BEGIN Information supplied
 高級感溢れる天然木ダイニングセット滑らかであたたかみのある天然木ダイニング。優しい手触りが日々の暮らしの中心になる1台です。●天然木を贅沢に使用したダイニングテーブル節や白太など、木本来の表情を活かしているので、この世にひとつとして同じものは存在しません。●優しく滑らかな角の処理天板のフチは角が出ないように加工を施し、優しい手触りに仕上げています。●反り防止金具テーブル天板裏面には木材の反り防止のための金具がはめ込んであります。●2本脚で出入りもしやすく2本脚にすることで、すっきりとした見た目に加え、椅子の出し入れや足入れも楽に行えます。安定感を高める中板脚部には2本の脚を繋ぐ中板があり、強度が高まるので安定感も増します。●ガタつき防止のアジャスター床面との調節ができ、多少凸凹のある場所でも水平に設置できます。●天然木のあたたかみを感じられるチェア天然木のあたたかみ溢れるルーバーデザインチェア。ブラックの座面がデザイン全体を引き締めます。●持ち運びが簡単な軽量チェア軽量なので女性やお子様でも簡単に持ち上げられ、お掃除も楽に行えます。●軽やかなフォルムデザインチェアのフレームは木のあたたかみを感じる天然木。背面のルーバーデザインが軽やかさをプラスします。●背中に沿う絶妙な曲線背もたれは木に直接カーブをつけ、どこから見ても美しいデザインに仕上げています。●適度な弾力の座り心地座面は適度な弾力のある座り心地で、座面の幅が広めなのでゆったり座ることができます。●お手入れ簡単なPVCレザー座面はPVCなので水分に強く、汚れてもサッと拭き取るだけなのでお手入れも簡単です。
END Information supplied
BEGIN Information supplied
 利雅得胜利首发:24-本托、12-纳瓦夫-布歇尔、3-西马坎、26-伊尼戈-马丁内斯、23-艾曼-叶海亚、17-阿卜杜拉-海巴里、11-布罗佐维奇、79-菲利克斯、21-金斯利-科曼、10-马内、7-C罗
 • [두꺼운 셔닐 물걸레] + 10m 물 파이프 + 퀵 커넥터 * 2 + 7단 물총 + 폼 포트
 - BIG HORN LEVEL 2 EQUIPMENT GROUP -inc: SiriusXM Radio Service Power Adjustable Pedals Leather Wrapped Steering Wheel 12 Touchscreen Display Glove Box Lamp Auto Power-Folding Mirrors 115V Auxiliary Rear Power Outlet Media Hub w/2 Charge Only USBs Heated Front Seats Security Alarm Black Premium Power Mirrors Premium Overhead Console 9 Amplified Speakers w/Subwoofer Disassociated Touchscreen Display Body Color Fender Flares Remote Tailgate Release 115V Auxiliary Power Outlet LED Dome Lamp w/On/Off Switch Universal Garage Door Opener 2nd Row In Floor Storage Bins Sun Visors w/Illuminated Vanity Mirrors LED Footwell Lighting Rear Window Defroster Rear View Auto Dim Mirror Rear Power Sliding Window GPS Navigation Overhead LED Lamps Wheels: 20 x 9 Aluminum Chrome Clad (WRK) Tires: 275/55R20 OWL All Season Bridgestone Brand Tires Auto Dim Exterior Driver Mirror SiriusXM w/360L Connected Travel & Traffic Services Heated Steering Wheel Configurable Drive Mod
END Information supplied
-- Task goal --
The required answer is the exact run of lines above starting at the line with "利雅得胜利首发:24-本托、" and ending at the line with "7단 물총 + 폼 포트", with both ends present.

-- Result of this exercise --
 利雅得胜利首发:24-本托、12-纳瓦夫-布歇尔、3-西马坎、26-伊尼戈-马丁内斯、23-艾曼-叶海亚、17-阿卜杜拉-海巴里、11-布罗佐维奇、79-菲利克斯、21-金斯利-科曼、10-马内、7-C罗
 • [두꺼운 셔닐 물걸레] + 10m 물 파이프 + 퀵 커넥터 * 2 + 7단 물총 + 폼 포트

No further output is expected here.